Supreme Court allows Texas to implement Republican-favored district map ahead of midterms

 December 5, 2025

The U.S. Supreme Court just handed Texas a major win by greenlighting a new congressional district map that has Democrats seeing red.

In a 6-3 decision, the high court allowed Texas to roll out this map for the 2026 midterm elections, siding with Republican leaders over objections of racial gerrymandering from a lower court, as NBC News reports.

This story starts with Texas lawmakers, under encouragement from the Trump administration, crafting a map designed to potentially add up to five Republican seats in the House, where the GOP already holds a slim majority.

Texas Map Sparks Fierce Legal Battle

The map didn’t come without a fight -- six plaintiff groups, including the League of United Latin American Citizens and the Texas NAACP, sued, claiming the redistricting was racially motivated.

A lower court agreed, ruling 2-1 that the map likely violated the 14th Amendment, with a judge finding “substantial evidence” of racial gerrymandering at play.

But Texas Gov. Greg Abbott wasn’t backing down, filing an emergency application to the Supreme Court, which hit pause on that lower court ruling on Nov. 21, before fully siding with Texas in this latest decision.

Supreme Court Majority Defends Texas Move

The Supreme Court’s conservative majority issued an unsigned order, arguing Texas is “likely to succeed on the merits” and chiding the lower court for not giving state lawmakers the benefit of the doubt.

Justice Samuel Alito, in a concurring opinion, suggested the map leaned more on partisan strategy than racial bias, a stance that aligns with a 2019 high court ruling allowing redistricting for political gain as long as race isn’t the main driver.

Texas Attorney General Ken Paxton cheered the ruling, declaring, “This map reflects the political climate of our state and is a massive win for Texas and every conservative who is tired of watching the left try to upend the political system with bogus lawsuits.” Well, Ken, it’s a win indeed, though one wonders if the “political climate” excuse holds when minority voters feel sidelined.

Dissenters Cry Foul on Minority Impact

Not everyone on the bench was waving pom-poms -- Justice Elena Kagan, joined by the court’s other liberal justices, dissented sharply, arguing the decision “disrespects the work of a district court that did everything one could ask” and “disserves the millions of Texans whom the district court found were assigned to their new districts based on their race.”

Kagan’s words sting, but let’s be real -- redistricting has always been a bare-knuckle political game, and the Supreme Court’s stance on timing, noting courts shouldn’t meddle close to elections, gives states like Texas a practical shield.
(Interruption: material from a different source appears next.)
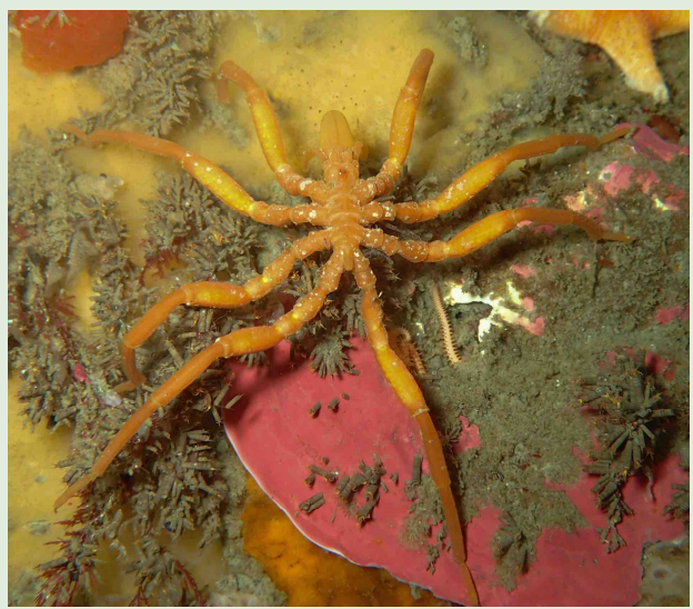
A sea spider (Pycnogonida)

Meanwhile, Texas lawyers doubled down, arguing the map was purely partisan, not racial, and that judicial interference this late in the game is a no-go. Fair point -- elections wait for no one, but the optics of dismissing minority voter concerns aren’t exactly a good look.
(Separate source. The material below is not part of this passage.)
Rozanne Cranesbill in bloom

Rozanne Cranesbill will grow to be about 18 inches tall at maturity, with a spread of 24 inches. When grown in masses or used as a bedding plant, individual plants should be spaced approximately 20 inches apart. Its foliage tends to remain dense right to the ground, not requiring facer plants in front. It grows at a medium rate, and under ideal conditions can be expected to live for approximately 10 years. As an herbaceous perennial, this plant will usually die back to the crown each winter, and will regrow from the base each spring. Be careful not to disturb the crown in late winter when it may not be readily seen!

Broader Context of Partisan Redistricting Emerges

Adding fuel to the fire, the Trump administration had pushed Texas and other GOP-led states to redraw maps outside the usual census cycle, even warning Texas earlier in 2025 of potential federal lawsuits if it didn’t scrap so-called “coalition districts” where nonwhite voters hold sway.

Critics like Thomas Saenz of the Mexican American Legal Defense and Educational Fund slammed the ruling, suggesting it emboldens states to delay redistricting shenanigans until courts are too swamped to act.

It’s a clever jab at a system that sometimes rewards last-minute tactics over principled debate, though Texas would argue it’s just playing by the rules as they stand.